Mr. Jacquot, 65, decided to become a filmmaker at 13, influenced by American movies and the French New Wave. He happily admits a fixation with girls on the brink of womanhood.

"It's a very filmable age where one passes from one state to another and the cinema represents that better than anything," he said. And he claims it's something of a job requirement to fall in love with his every ingenue. "I can't imagine filming an actress without having some kind of amorous link with her, it's impossible," he said. "Even if it's just one scene, there's something amorous about the act of filming a woman."

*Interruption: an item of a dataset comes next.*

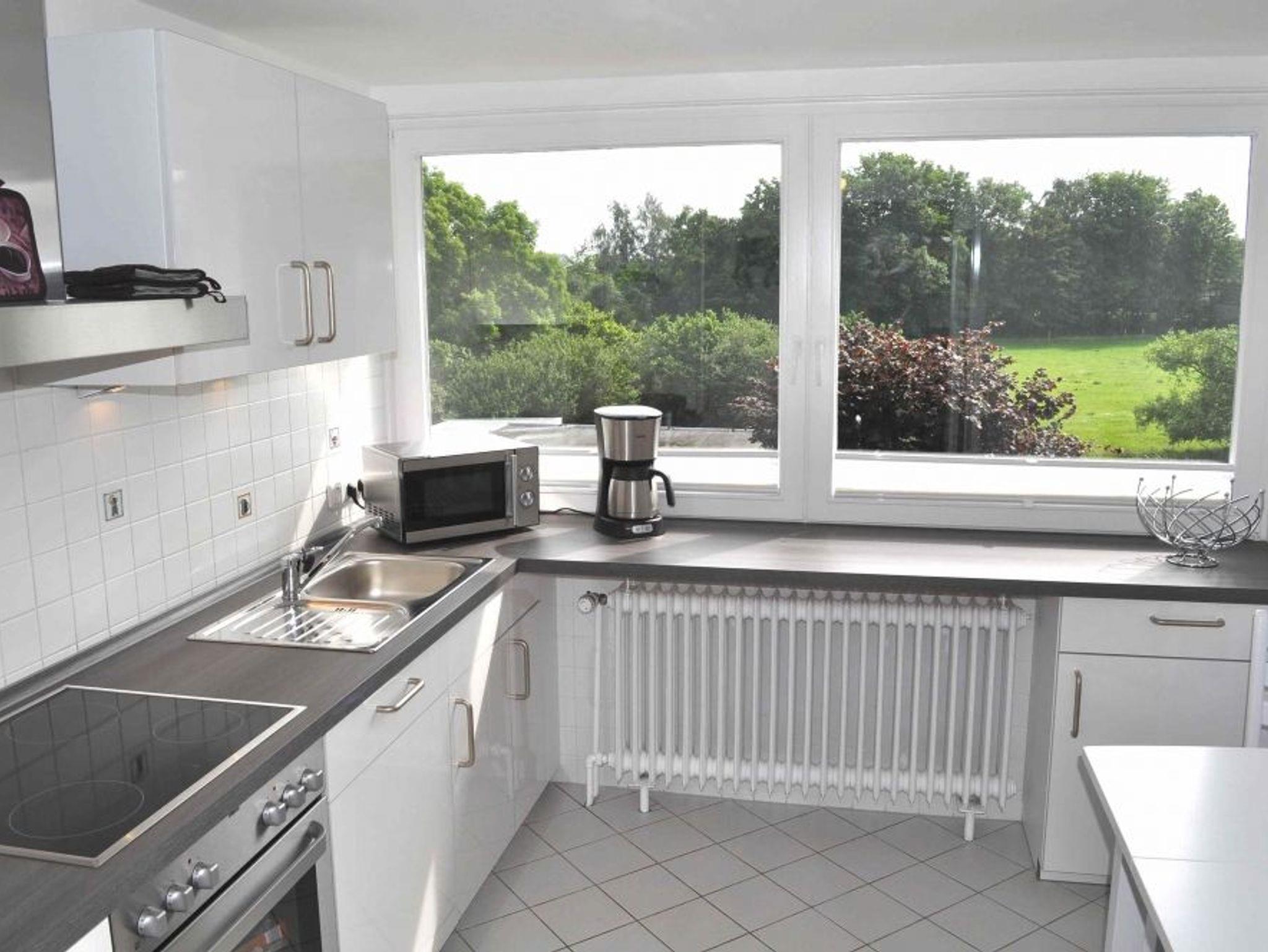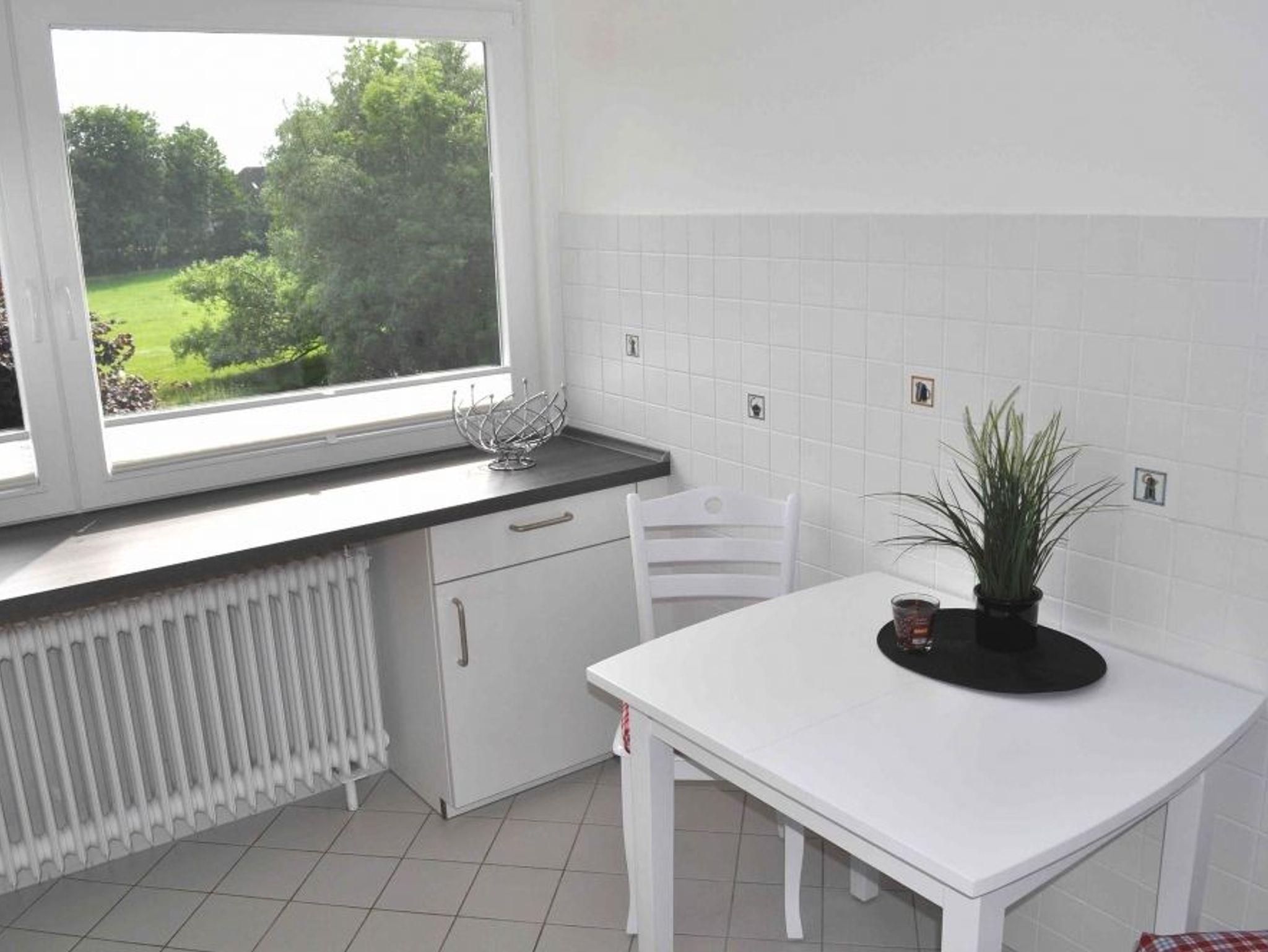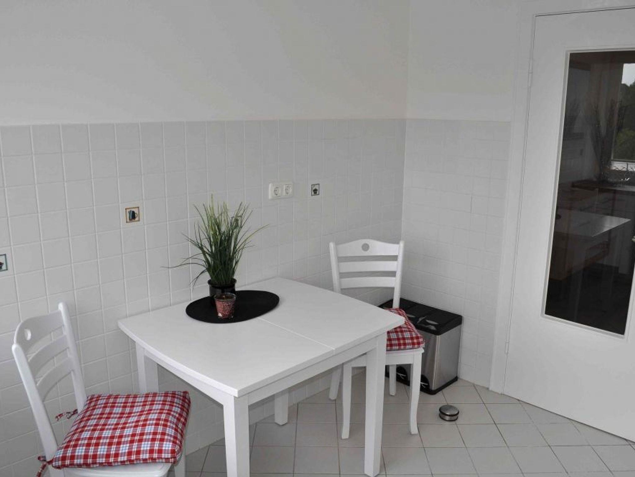 Küche: 2 Stühle, 4 Plattenherd mit Ceranfeld und Backofen, Dunstabzugshaube, Eierkocher, Einbauküche, Esstisch, Geschirr, Handmixer, Kaffeemaschine, Kochtöpfe, Kühlschrank mit Gefrierfach, Mikrowelle, Nespresso Maschine, Spülmaschine, Toaster, Wasserkocher
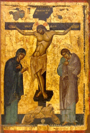 Νά ἀναλύσουμε σήμερα τήν εἰκόνα τῆς σταυρώσεως τοῦ Χριστοῦ. Συνήθως ἔτσι ἀναπαριστάνουμε τήν εἰκόνα τῆς σταυρώσεως τοῦ Χριστοῦ. Ὁ Χριστός ἐσταυρωμένος πάνω στόν Σταυρό, μαζί ἔχουμε τόν χορό τῆς Παναγίας καί τῶν γυναικῶν καί ταυτόχρονα ἀπό κάτω τόν Ἰωάννη τόν θεολόγο καί πίσω ἔχουμε τόν ἑκατόνταρχο. Ὑπάρχει σέ μιά προγενέστερη περίοδο μιά πιό λιτή εἰκόνα, ὅπου εἶναι μόνο ὁ Χριστός ἐσταυρωμένος μαζί μέ τήν Παναγία καί τόν Ἰωάννη τόν Θεολόγο ἀπό κάτω. Καί μιά πιό λιγότερο λιτή πού ἔχει ρεαλιστικά πρόσωπα, ὅπως ὁ χορός τῶν γυναικῶν καί ὁ ἑκατόνταρχος ὁ Λογγῖνος. Μεταγενέστερες εἰκόνες ἀπό αὐτήν, εἶναι πολύ πεφορτισμένες μέ πάρα πολλά ἄλλα πρόσωπα, δηλαδή, κακοῦργοι, ληστές, διῶκτες, ἡ σκάλα, ὁ πετεινός, ὁ ὁποῖος ἐλάλησε τρίς. Εἶναι πολύ φορτωμένες προσεγγίσεις, οἱ ὁποῖες ξεφεύγουν ἀπό τό ἦθος τῆς ὀρθόδοξης λιτότητας καί ἁπλότητας. Ἐμᾶς μᾶς ἐνδιαφέρει νά δώσουμε τά κεντρικά σημεῖα τῆς θεολογίας, καί ὄχι νά φορτώσουμε τήν εἰκόνα μέ πάρα πολύ πλῆθος, πού σίγουρα ὑπῆρχε τήν ὥρα τῆς σταυρώσεως γύρω ἀπό τό Χριστό. Δέν κάνουμε ἕναν ἁγιογραφικό ρεαλισμό, κάνουμε θεολογική λιτή προσέγγιση ὅπως τό θέλει ἡ Ὀρθοδοξία μας. Θά ἔλεγα αὐτό εἶναι ἕνα ὅριο αὐτῆς τῆς εἰκόνας, ἐξ ἀπόψεως φορτώσεως ὑπαρκτοῦ ἀριθμοῦ προσώπων.

Ms. Seydoux, 26, said by telephone from Paris: "Benoit is a bit like a woman in his desire to be swept off his feet. He's pretty feminine himself, and he's attracted to women and obsessed with femininity, and I think the mystery of women is all-encompassing for him. The way he films an actress is his way of making love to her, it's very personal."

Mr. Jacquot said he hopes to keep chasing pretty girls down the street with his camera as long as he can get away with it. Despite his decades-long quest, he said he isn't sure he understands the opposite sex any better than he ever did.

"I don't know how to explain it," he said. "It's like the horizon: the closer you get, the farther away it seems."